Did you guys watch the whole video? He puts what is essentially Ehfimech (ceramic rings) in the bottom of the filter before the coarse sponge.


----------



## Deeda (Oct 12, 2012)

I watched the entire video and I do agree that the preferred method is to trap any debris before it reaches the bio-media.

The problem I have with the video that pablo111 linked to is the video creator seems to assume that the ceramic tubes (Ehfi Mech) is bio-media when in fact it is not, it is the first coarse media and it's purpose is to trap large debris and disperse the water flow prior to the next stage of filtration, as noted by skurj's comment.

I have the same filter that is in the video and I have the media stacked exactly the way it is recommended in the manual. I do find that a lot of the large debris does accumulate in the space below the bottom media tray (as well as occasional fry) so I'm satisfied with the way the filter operates.

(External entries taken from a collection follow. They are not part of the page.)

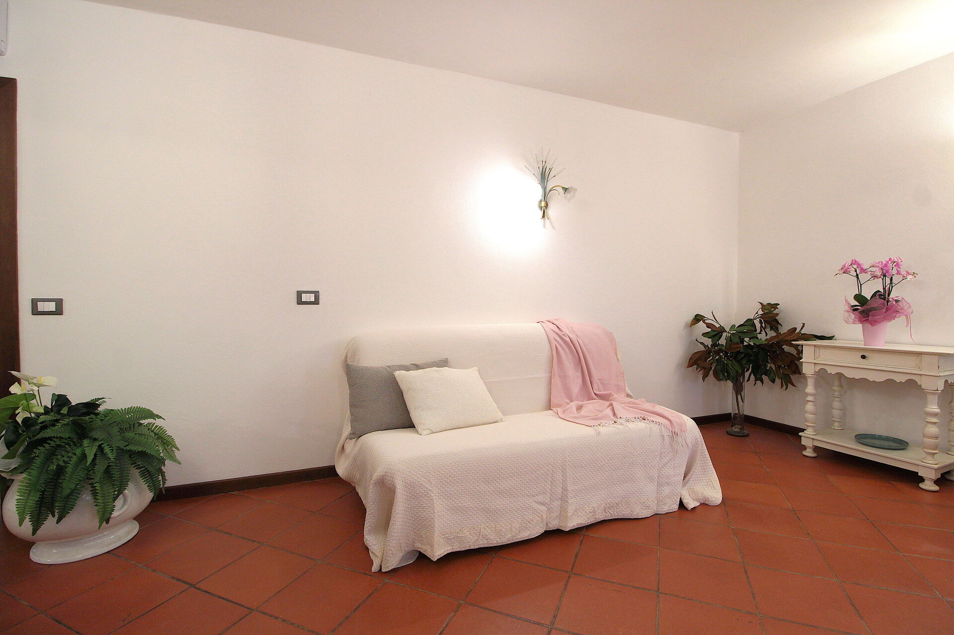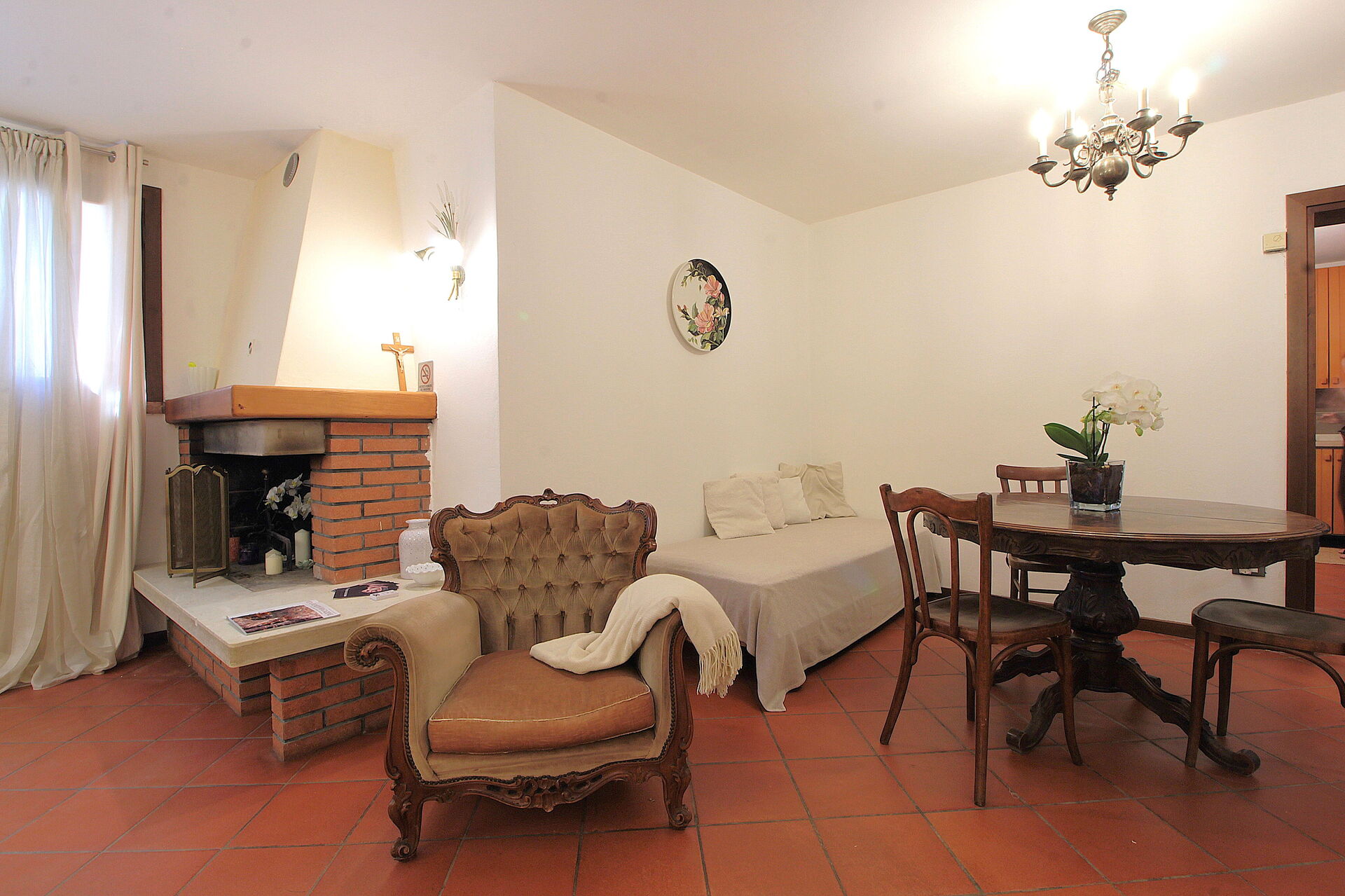 Woonkamer: bank, fauteuil, tweepersoons-slaapbank, WIFI internet, airconditioning.
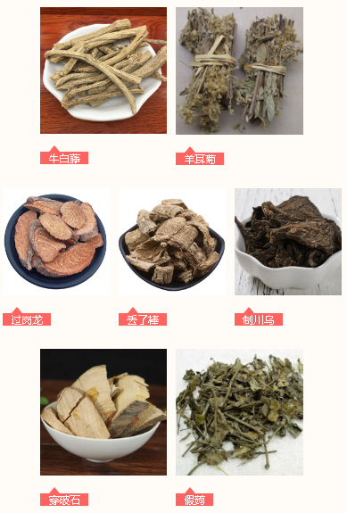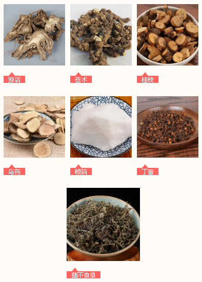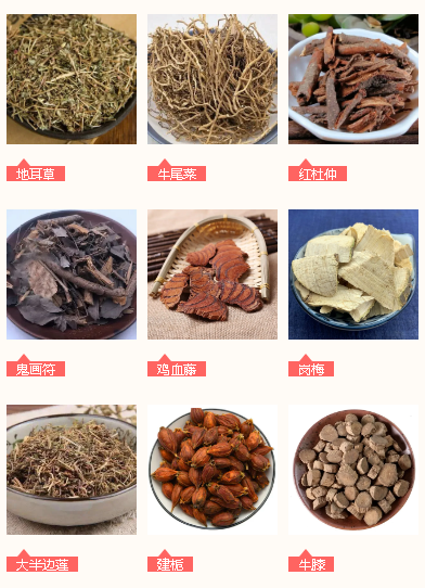佐使藥:地耳草、牛尾菜、紅杜仲、鬼畫符、雞血藤、崗梅、大半邊蓮、建梔、牛膝、獨(dú)活、蒼術(shù)、桂枝、烏藥、樟腦、丁香、鵝不食草。
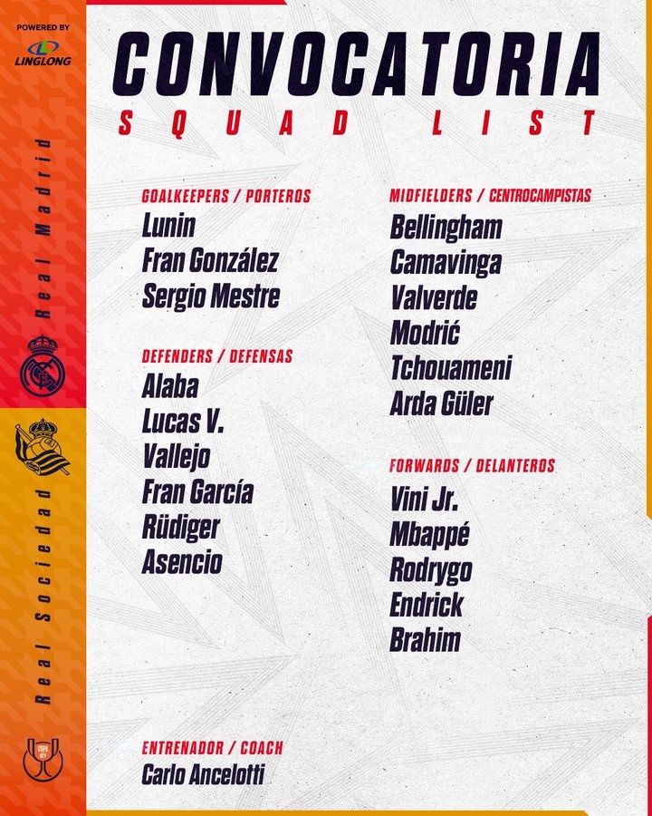 3月31日訊 北京時間4月2日周三凌晨3點30分,皇家馬德里將在國王杯半決賽次回合主場對陣皇家社會,首回合皇馬1-0取勝,今天皇馬公布了次回合比賽日名單,具體如下:
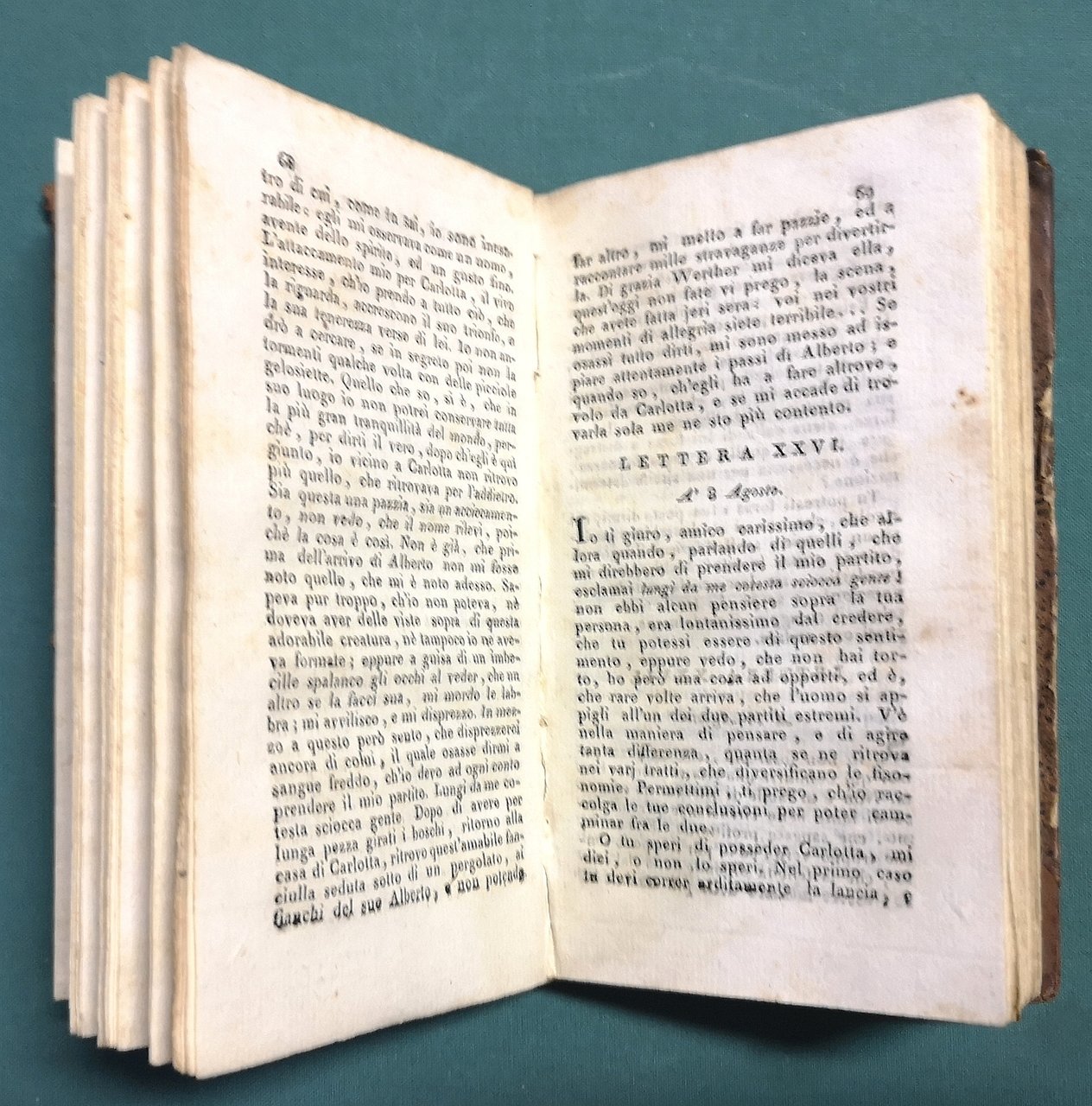 >in-12, pp.192, legatura coeva in m. pelle, filetti e titolo oro al dorso. Traduzione integrale del Werher (ed. orig. 1774), una delle prime italiane del capolavoro di Goethe, uno dei maggiori poeti di tutti i tempi. Rara. Buon esemplare, timbro a secco al contropiatto e firma di possesso al frontespizio.

Now, back to the OP's original question. The pic he/she shows is the correct media stacking placement using Eheim media. If you are substituting another brand of media, just make sure the mechanical media is located in the lower section(s) of the filter and the bio-media in the upper section of the filter.


----------



## pablo111 (Dec 10, 2013)

The 22XX classic filters are designed to have water flow through them in a certain way. If you change the pattern (rings, mechanical, bio) or the media type you won't get optimal flow. Eheim's biomedia used to look like Seachem Matrix but they changed it to a spherical media that lets water travel around it evenly and efficiently. I think only Eheim media should be used with the classic filters.


----------



## jeffkro (Feb 13, 2014)

Yeah, I'm building a seachem matrix air operated filter for my 20 gal quarantine tank.


----------